■ EXERCISE REQUIREMENTS ■
Beginning with the line that contains "Figura 1. Principis" in the material below, print each line exactly until the line that contains "市政などの発展に貢献された4" has been printed, then stop.

■ SUPPLIED DATA ■

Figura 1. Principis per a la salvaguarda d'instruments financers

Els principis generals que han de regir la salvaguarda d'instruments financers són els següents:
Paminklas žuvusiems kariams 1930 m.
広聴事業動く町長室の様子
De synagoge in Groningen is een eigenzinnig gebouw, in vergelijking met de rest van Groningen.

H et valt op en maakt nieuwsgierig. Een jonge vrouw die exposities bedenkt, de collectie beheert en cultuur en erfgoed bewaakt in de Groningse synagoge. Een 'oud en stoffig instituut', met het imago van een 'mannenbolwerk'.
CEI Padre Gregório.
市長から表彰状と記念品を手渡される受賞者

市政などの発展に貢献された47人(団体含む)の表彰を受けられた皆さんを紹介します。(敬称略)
==
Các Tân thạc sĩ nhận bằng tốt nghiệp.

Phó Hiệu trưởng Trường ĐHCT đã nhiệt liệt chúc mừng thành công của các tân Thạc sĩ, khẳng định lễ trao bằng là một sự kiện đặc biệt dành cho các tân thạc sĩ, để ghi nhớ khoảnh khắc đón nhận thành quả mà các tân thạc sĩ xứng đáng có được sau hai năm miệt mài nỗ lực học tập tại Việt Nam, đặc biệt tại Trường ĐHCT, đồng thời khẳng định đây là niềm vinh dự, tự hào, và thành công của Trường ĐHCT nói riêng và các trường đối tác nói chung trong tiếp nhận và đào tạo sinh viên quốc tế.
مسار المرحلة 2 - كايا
---
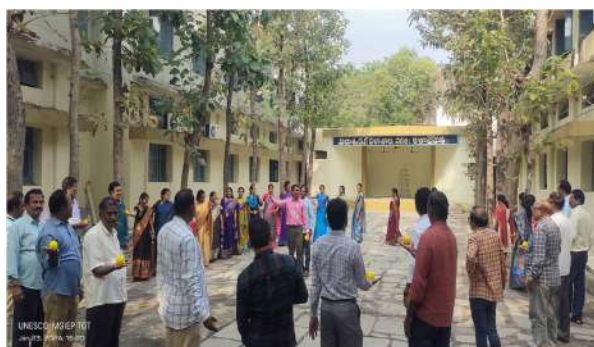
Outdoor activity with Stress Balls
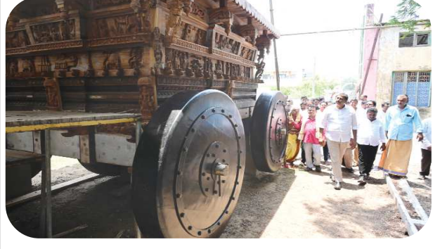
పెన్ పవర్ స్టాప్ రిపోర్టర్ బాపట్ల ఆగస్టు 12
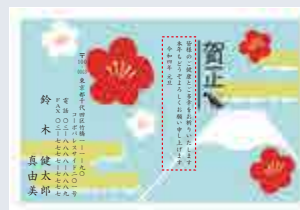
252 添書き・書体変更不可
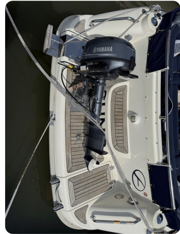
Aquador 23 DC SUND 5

■ YOUR SOLUTION ■
Figura 1. Principis per a la salvaguarda d'instruments financers

Els principis generals que han de regir la salvaguarda d'instruments financers són els següents:
Paminklas žuvusiems kariams 1930 m.
広聴事業動く町長室の様子
De synagoge in Groningen is een eigenzinnig gebouw, in vergelijking met de rest van Groningen.

H et valt op en maakt nieuwsgierig. Een jonge vrouw die exposities bedenkt, de collectie beheert en cultuur en erfgoed bewaakt in de Groningse synagoge. Een 'oud en stoffig instituut', met het imago van een 'mannenbolwerk'.
CEI Padre Gregório.
市長から表彰状と記念品を手渡される受賞者

市政などの発展に貢献された47人(団体含む)の表彰を受けられた皆さんを紹介します。(敬称略)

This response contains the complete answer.